I then established a strict priority hierarchy across blocks: Crisis overrides Identity, which overrides Dependency, which overrides Off-Topic, and so on down the chain. In a traditional product, you'd encode this in application logic. In an AI product, your prompt architecture is your application logic, and ambiguity in priority ordering creates unpredictable behavior at the worst possible moments.

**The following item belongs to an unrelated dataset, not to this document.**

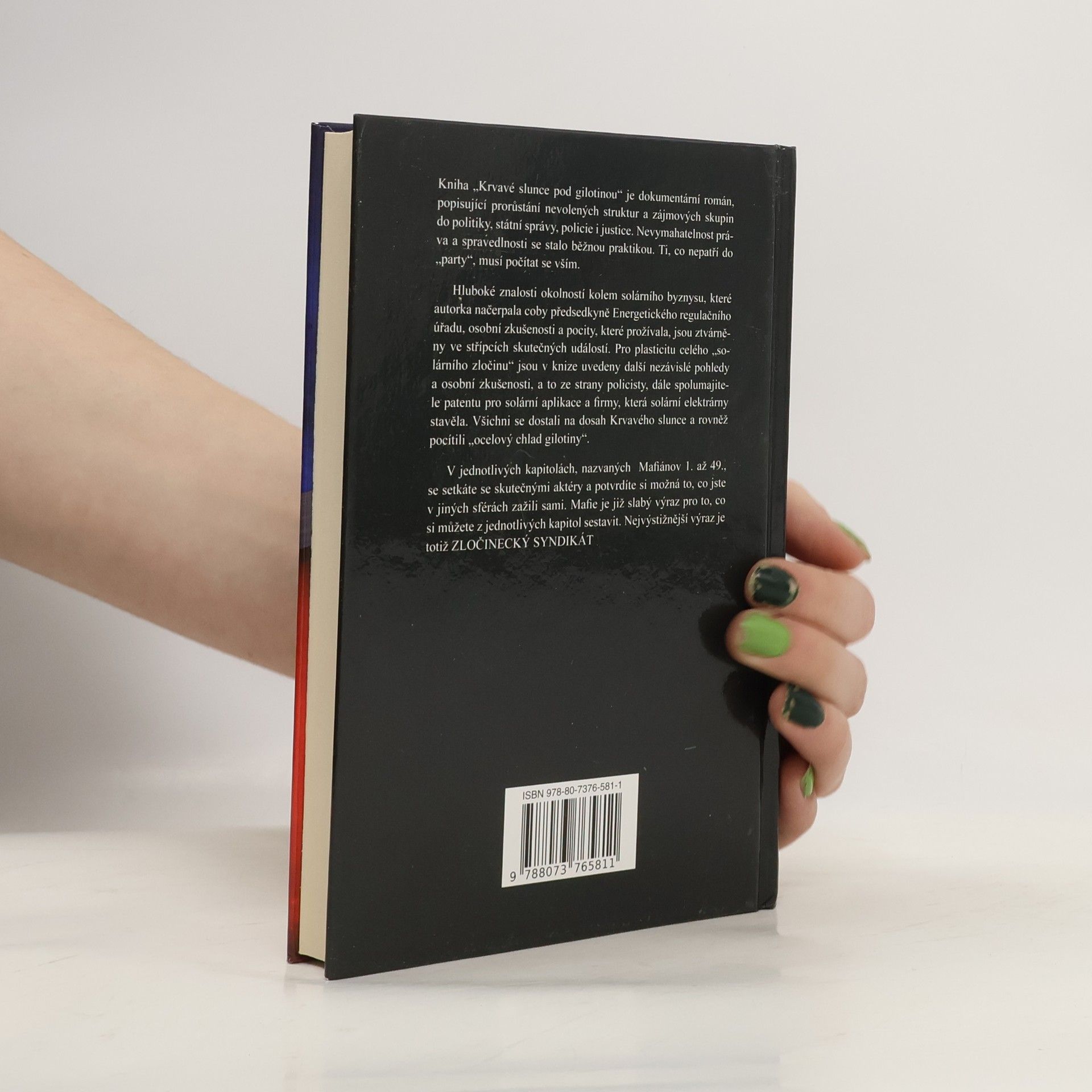 Kniha „Krvavé slunce pod gilotinou“ je dokumentární román popisující prorůstání nevolených struktur a zájmových skupin do politiky, státní správy, policie, justice. Nevymahatelnost práva a spravedlnosti se stalo běžnou praktikou a ti co nepatří do „party“ musí počítat se vším. Hluboké znalosti okolností kolem solárního byznysu, které autorka načerpala coby předsedkyně Energetického regulačního úřadu, osobní zkušenosti a pocity, které prožívala, jsou ztvárněny ve střípcích skutečných událostí. Pro plasticitu celého „solárního zločinu“ jsou v knize uvedeny další nezávislé pohledy a osobní zkušenosti. A to ze strany policisty, spolumajitele patentu pro solární aplikace a firmy, která solární elektrárny stavěla. Všichni se dostali na dosah krvavého slunce a rovněž pocítili ocelový chlad gilotiny. V jednotlivých kapitolách nazvaných Mafiánov 1. až 49. se setkáte se skutečnými aktéry a potvrdíte si možná to, co jste v jiných sférách zažili sami.

Two decisions this week were explicitly about limiting capability to reduce risk:
Memory depth. I chose structured working memory with user-initiated retrieval instead of full conversational memory. The reason is counterintuitive: a journaling companion that remembers everything you've ever told it is a parasocial dependency risk, not a feature. Constraining memory is a product decision, not a technical limitation.
Crisis handling. The system logs only metadata during crisis detection — timestamps and resources surfaced — rather than storing conversation content. This creates legal defensibility without the compounding liability of retaining the most sensitive text a user could possibly generate. Combined with an 18+ DOB gate to sidestep COPPA, CA SB 243, and emerging state-level AI regulations, the compliance posture is built into the architecture rather than bolted on later.
Safety filters fighting themselves. The most important finding this week was a conflict I'm calling the "zero finding": Google's built-in Gemini safety filters can preemptively block the app's own crisis response protocol. The model designed to help a user in distress gets blocked by the infrastructure designed to prevent harmful output. The fix requires building a pre-Gemini detection layer in the Edge Function that bypasses the LLM entirely during a crisis — routing around the model at exactly the moment it matters most.
Context decay nearly killed velocity. Before I implemented a structured extraction-and-merge methodology into a dedicated Claude Project, every session began with significant time lost re-establishing project state. The AI would drift, forget architectural decisions, and generate code that contradicted earlier sessions. The lesson: for any multi-session AI-assisted build, your context management strategy is as important as your tech stack.
Filtering false positives. Overly aggressive keyword filtering on output created absurd collisions — the word "gemini" blocked zodiac conversations, "lovable" blocked common English phrases. A reminder that naive string matching is never sufficient for content moderation.
Spec drift across sessions. A personality definition established in session one (four tones) silently degraded to three tones by session six, creating a specification mismatch that is currently blocking final prompt assembly. In AI-assisted development, the system's memory of your spec is not your spec. You need an external source of truth.
The frontend is not yet wired to the deployed Edge Function. Until that integration is complete, journal saving, streak tracking, and history population remain non-functional. This is the current critical path.